De repente, os olhos do subordinado brilharam, sentindo-se energizado pela ideia de alimentar animais selvagens com os inimigos.
“Sim, senhor. Já vou providenciar. Vamos, o general ordenou: joguem-nos na floresta para os lobos.”
“Sim!”
Na linha de frente, Xu Jian observava Pei Jiancheng lutar com bravura, admirando sua postura heroica. Olhou para sua própria espada; afinal, também fora treinado.
Xu Zhai, quando jovem, fora um grande guerreiro, tornando-se oficial apenas na velhice. Por isso, Xu Jian sentiu o sangue ferver.

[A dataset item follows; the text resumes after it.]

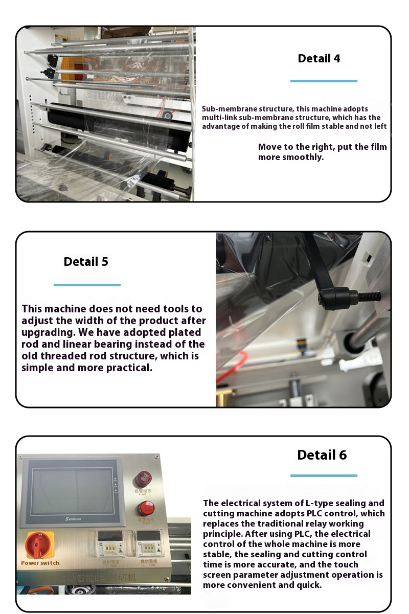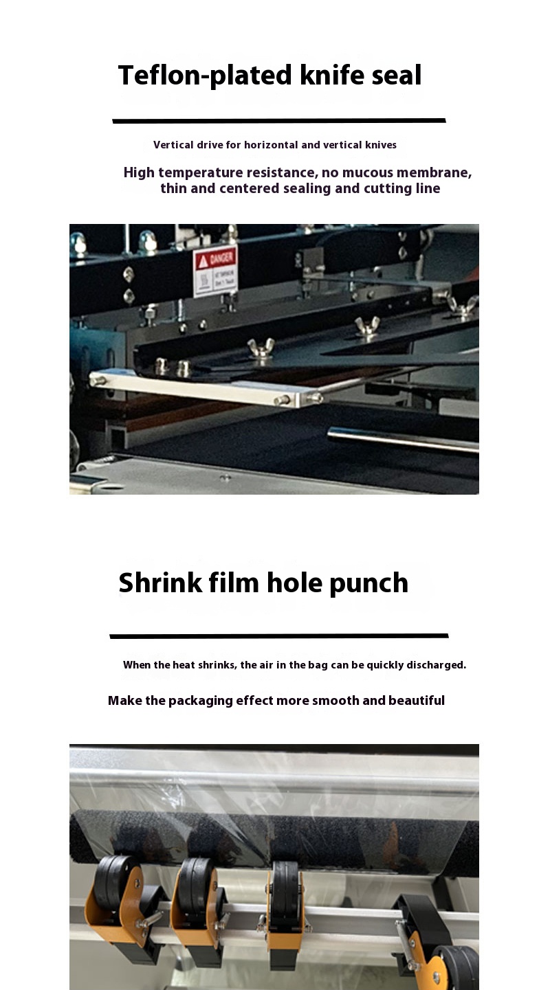 Adopting a PLC programmable control system and servo motor drive, combined with photoelectric induction positioning technology, it can accurately identify product dimensions to realize fixed-length conveying and sealing-cutting of film materials. The sealing line is flat and firm, and the cut is smooth without burrs, effectively avoiding film material waste caused by sealing and cutting deviations, with the yield rate reaching over 99.5%. Meanwhile, the specially made high-temperature resistant aluminum alloy sealing knife has an anti-sticking function, compatible with various heat shrink films such as POF, PVC and PE, eliminating packaging defects caused by film adhesion to the sealing knife.

“Shuangshou, espere aqui e veja como seu senhor combate ao lado do herdeiro para repelir o inimigo.”
Shuangshou tentou impedir: “Não, senhor! Se algo lhe acontecer, como poderei responder aos seus familiares?”
Mas Xu Jian não lhe deu ouvidos, puxou as rédeas e gritou: “Avante!”
Ao vê-lo avançar, todos ficaram surpresos. Xiao Cong, responsável pela supervisão, ficou alarmado, pensando em como explicaria a Xu Ling caso algo acontecesse, e chamou seus guardas pessoais:
“Protejam o jovem Xu!”
“Sim!”
Pei Jiancheng continuava rompendo as fileiras inimigas, e os soldados do Norte Árido começaram a temê-lo. O comandante deles prometeu recompensas: cem bois e ovelhas, um campo de boa terra e o título de príncipe a quem capturasse Pei Jiancheng vivo; e a mesma recompensa para quem trouxesse sua cabeça.
Com tamanha promessa, não faltaram corajosos; a investida voltou-se toda contra Pei Jiancheng, que logo se viu em desvantagem.
Nesse momento, uma figura apareceu ao seu lado, afastando os inimigos. Ao virar-se, viu que era Xu Jian.
“Não disse que bastava assistir à minha luta? Por que veio até aqui? Volte, este não é o seu lugar.”
Xu Jian enfrentava os adversários com destreza: “Na família Xu não há covardes. Ver o herdeiro lutar com tamanha paixão me empolgou; lutar ao seu lado é uma glória para mim.”
Os dois confiaram as costas um ao outro. Então, veio a notícia da derrota dos bárbaros, e o exército do Norte Árido avançou.
Xiao Cong não permitiria que escapassem impunes; mobilizou os arqueiros, formando um cerco ainda maior que o anterior, lançando uma chuva negra de flechas sobre o inimigo.
“Herdeiro! Herdeiro! Herdeiro!”
Todos erguiam as armas, clamando pelo seu líder. Pei Jiancheng sorria ao ouvir os gritos, virou-se e estendeu a mão; Xu Jian fez o mesmo, e suas palmas se encontraram num aperto firme.